Before making the plots, we must perform some tasks:

1. Change the 0 values in the 2D histogram counts array to NaN values, so that they appear white in the plot.
2. Compute the centers of the bins.
3. For the Plate Carrée projection, change the R.A. coordinates so that they belong to the range $[−180^{\circ},180^{\circ})$. This is necessary for inverting the x-axis in the plot, a widely used convention. We must also adjust the 2D histogram counts accordingly, so that they agree with the new R.A. range.
4. For the Mollweide projection, invert the R.A. coordinates by doing $360^{\circ} - x$ for all $x$ in the R.A. values. This is just computational artifice, which is necessary for inverting the x-axis in the plot. However, in the final plot, the R.A. and DEC ticks will be correctly showed in the original range, $[0^{\circ},360^{\circ})$. Again, we must also adjust the 2D histogram counts accordingly.
5. Transpose the 2D histogram counts arrays so that they become compatible with HoloViews/GeoViews.

In [None]:
### Changing the 0 values to NaN values.
histogram_ra_dec_NaN = histogram_ra_dec.astype(float)
histogram_ra_dec_NaN[histogram_ra_dec_NaN == 0] = np.nan

### Getting the bins centers.
bins_ra_centers = (bins_ra[1:] + bins_ra[:-1])/2
bins_dec_centers = (bins_dec[1:] + bins_dec[:-1])/2

### Plate Carrée projection - Changing the R.A. coordinates to the range [-180,180), and changing the 2d histogram counts accordingly.
bins_ra_centers_180_range = np.where(bins_ra_centers >= 180, bins_ra_centers - 360, bins_ra_centers)
sorted_indices_180_range = np.argsort(bins_ra_centers_180_range)
histogram_ra_dec_180_range = histogram_ra_dec_NaN[sorted_indices_180_range, :]
bins_ra_centers_180_range = bins_ra_centers_180_range[sorted_indices_180_range]

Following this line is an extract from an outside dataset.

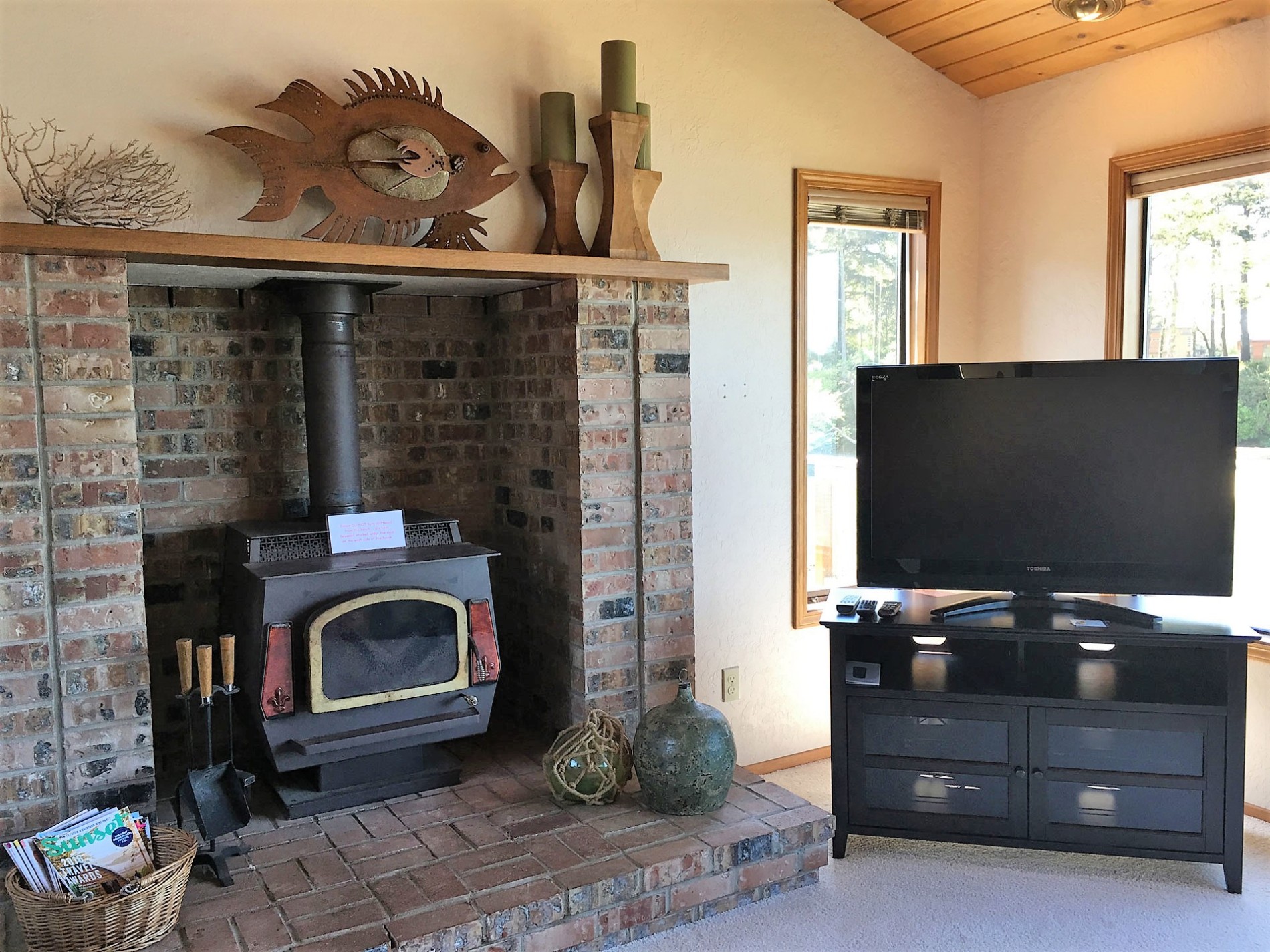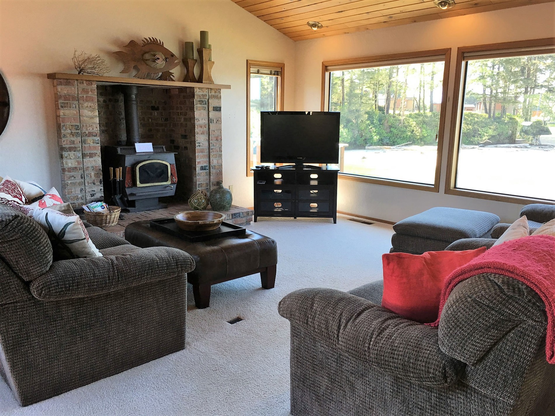 - Family room - Comfortable Sofa, Love Seat and la large Easy Chair with Ottoman. 65" Flatscreen with SatelliteTV- Roku for streaming with your own accounts. Wood Stove -Firewood provided

### Mollweide projection - Inverting the R.A. values (360 - values), and changing the 2d histogram counts accordingly.
bins_ra_centers_inverted = np.where(bins_ra_centers <= 360, 360 - bins_ra_centers, bins_ra_centers)
sorted_indices_inverted = np.argsort(bins_ra_centers_inverted)
histogram_ra_dec_inverted = histogram_ra_dec_NaN[sorted_indices_inverted, :]
bins_ra_centers_inverted = bins_ra_centers_inverted[sorted_indices_inverted]

### Transposing the histogram arrays for the holoviews plots.
histogram_ra_dec_180_range_transpose = histogram_ra_dec_180_range.T
histogram_ra_dec_inverted_transpose = histogram_ra_dec_inverted.T

After these tasks, we are ready to make the spatial distribution plots.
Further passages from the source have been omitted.